# dog runs up to people and barks when off leash



## Dani&Marlow (Apr 2, 2012)

Hi All,

Our Marlow is about as friendly as they come, not a mean bone in her body. In the past 4-5 months she's started running up to people when she's playing fetch off leash. She'll head straight over with a ball in her mouth woofing in a full body wiggle and from my perspective knowing her it doesn't seem aggressive in the slightest. However, to those she's running up to I could see how it might be startling or scry - she's a 68lb med/large dog - and I had hoped she'd grow out of it as she's just 2 and goofy.

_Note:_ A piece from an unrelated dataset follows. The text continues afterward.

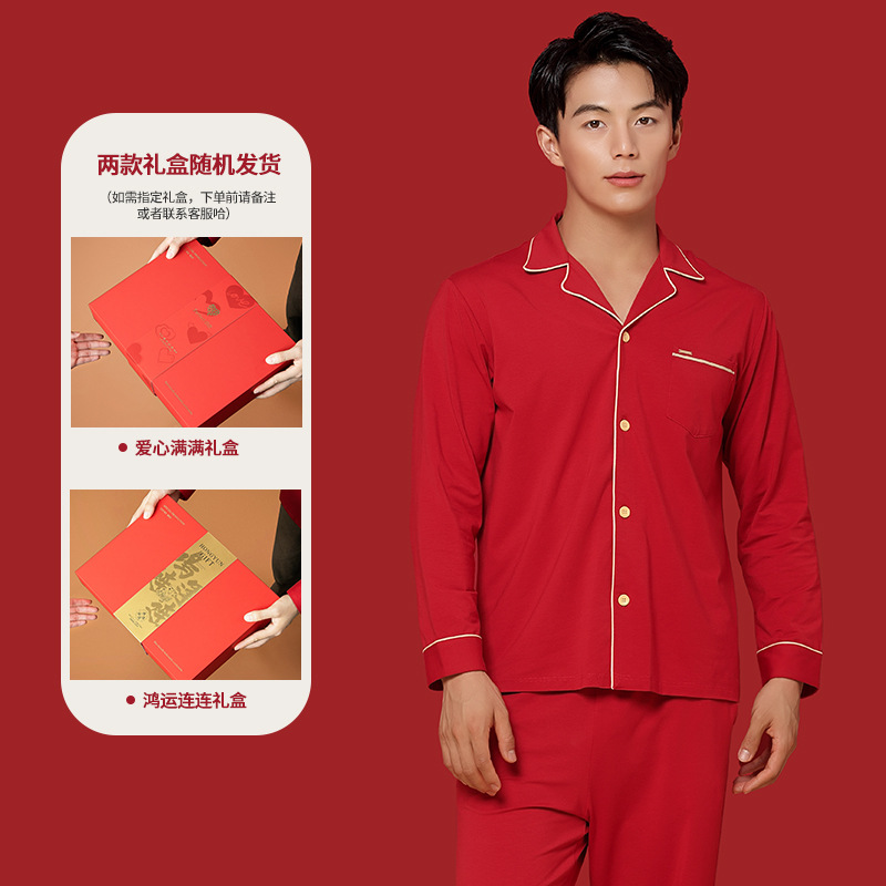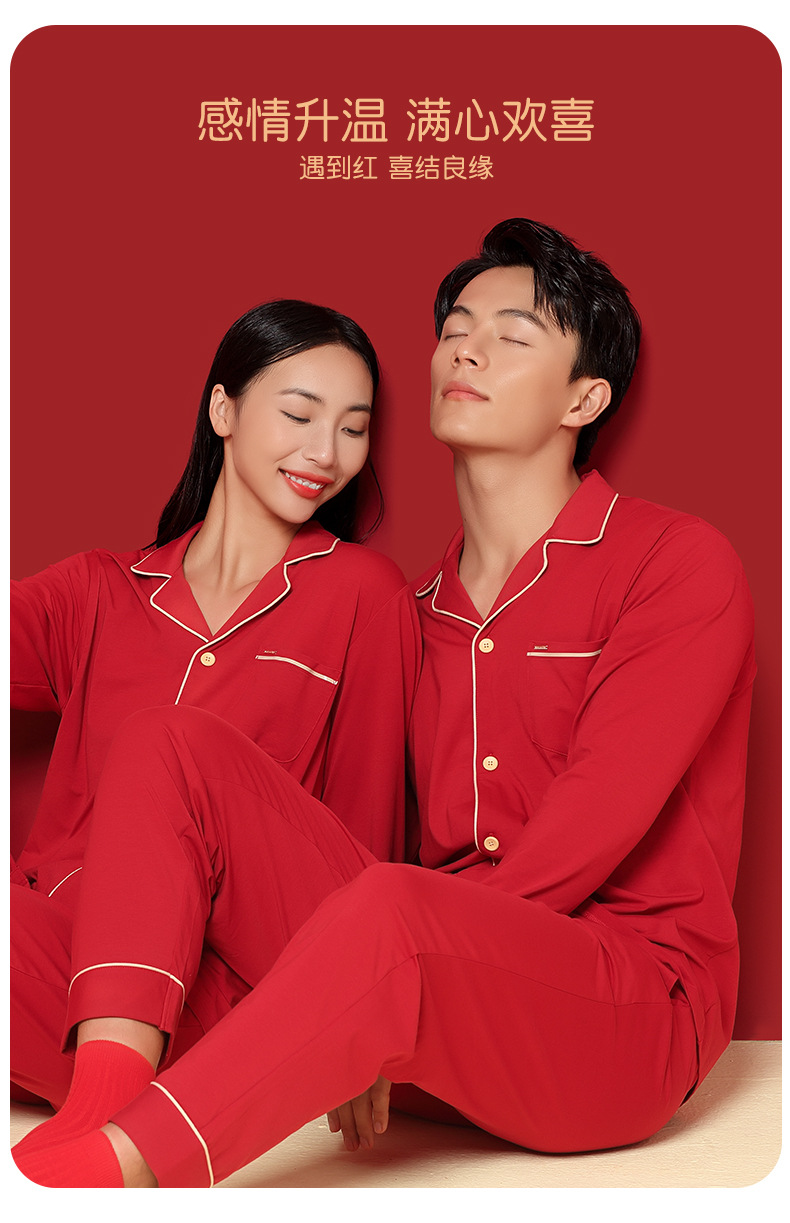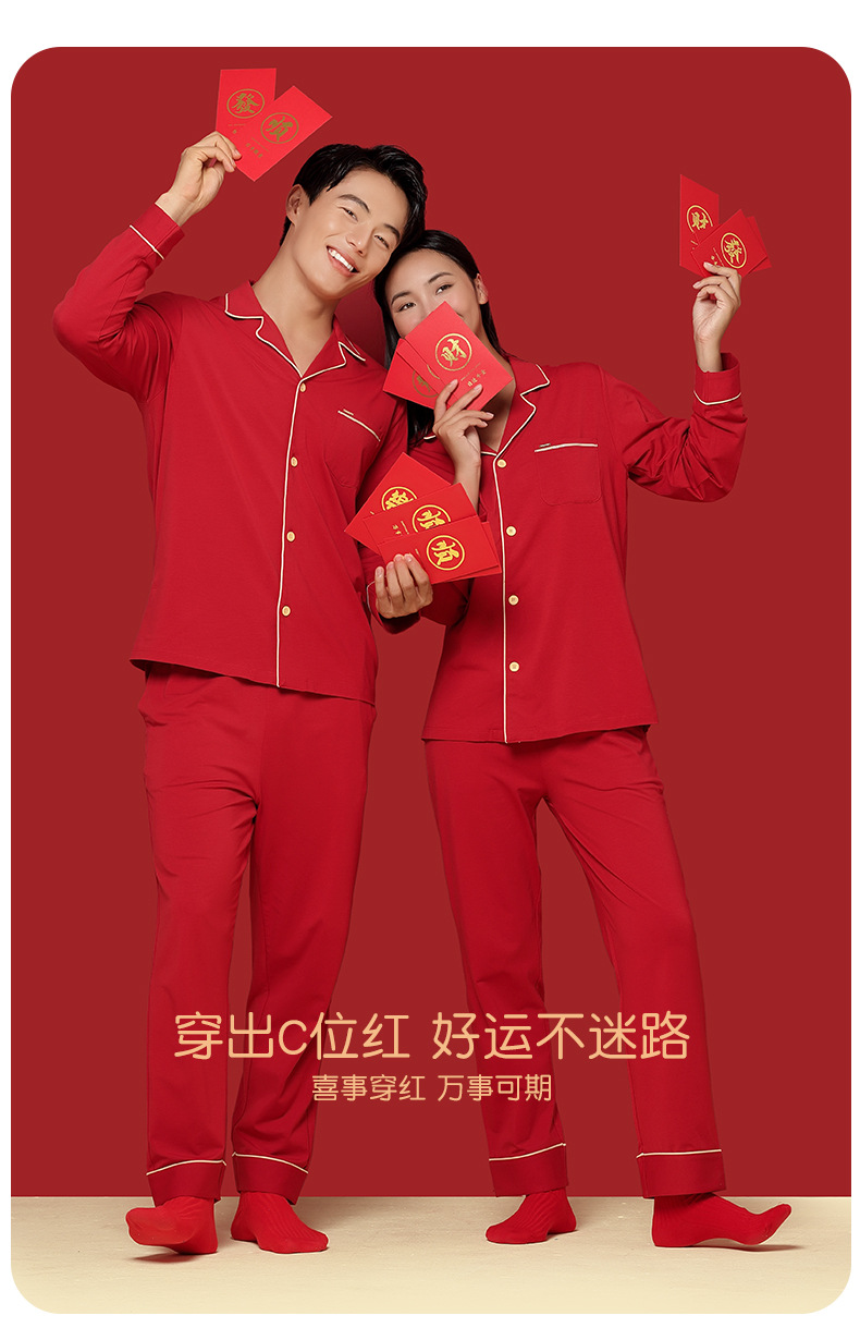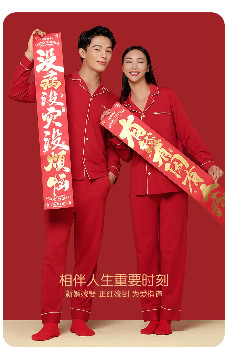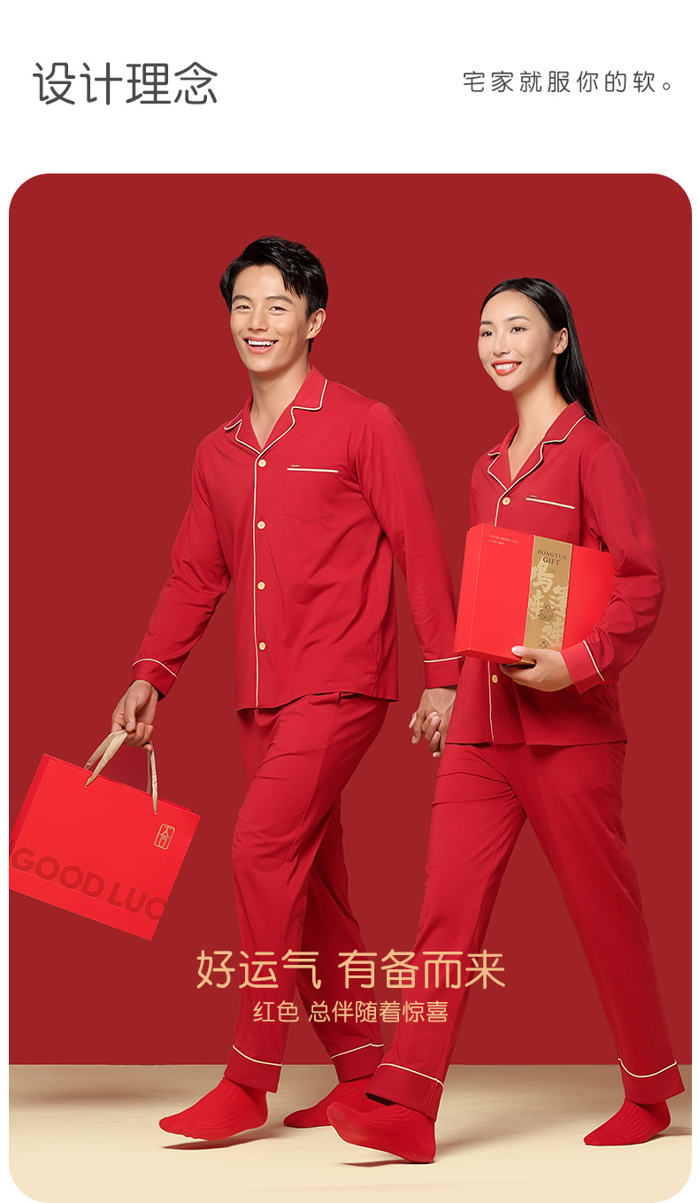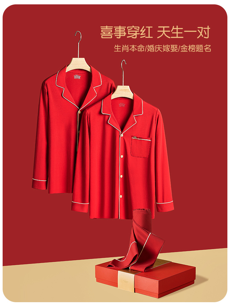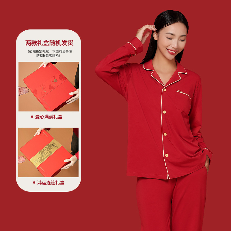 [Shun Feng Bao You] 60 면 모달 커플 잠옷 결혼식 빨간 가정 옷 재고 빠른 머리
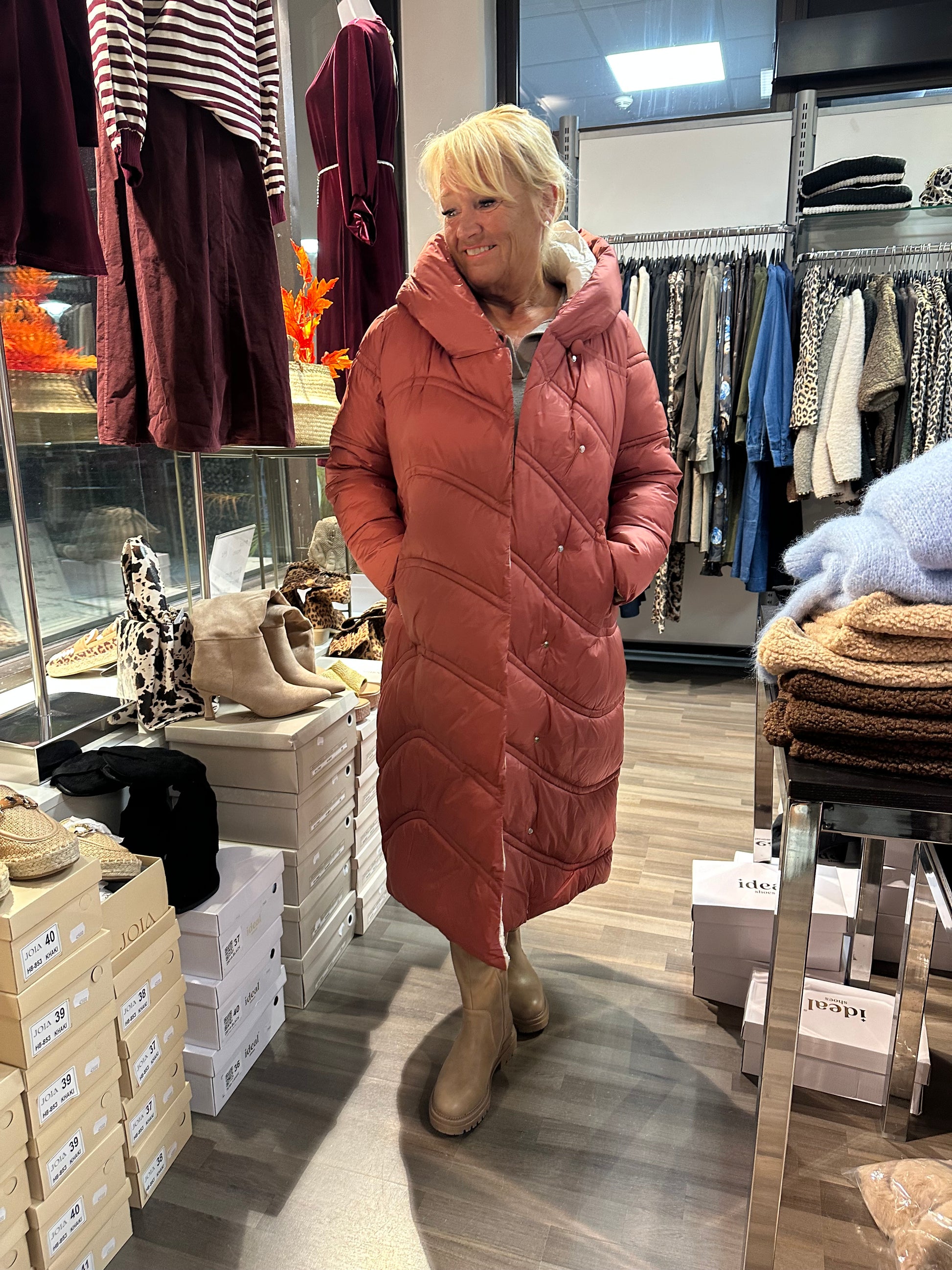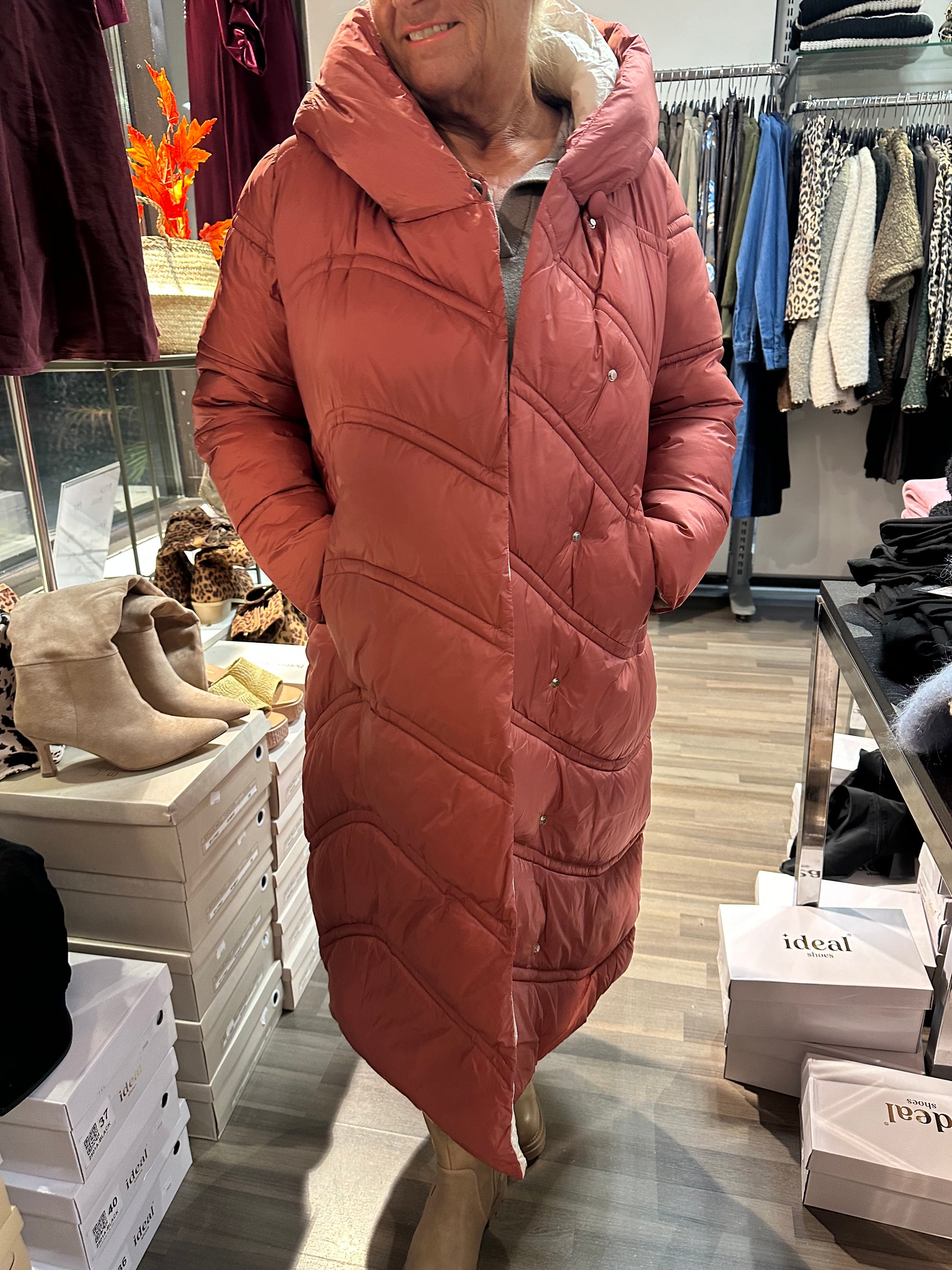 Pitkä toppatakki kivoilla tikkauksilla. Kiinteä huppu. Edessä taskut vetoketjuilla. Nepparikiinnitys. Kiva vaalea vuori.

Today though an incident happened that was scary for me and I'm worried to have her off leash again, which is normally 2 hours of our day. She ran a big circle around a guy who walked through where we were playing fetch in an empty park during off leash hours we go to 5 days/week and the guy threatened to kick her and put a gun to my head. The seriousness of his threat isn't something for this forum, but I never want to experience something like that ever again. How can we break her of this behaviour? Her recall is usually perfect as we've worked hard on it and when I call her as she's heading over to someone she'll come back 95% of the time but the other 5% she's set her sights or they walk directly to where we are.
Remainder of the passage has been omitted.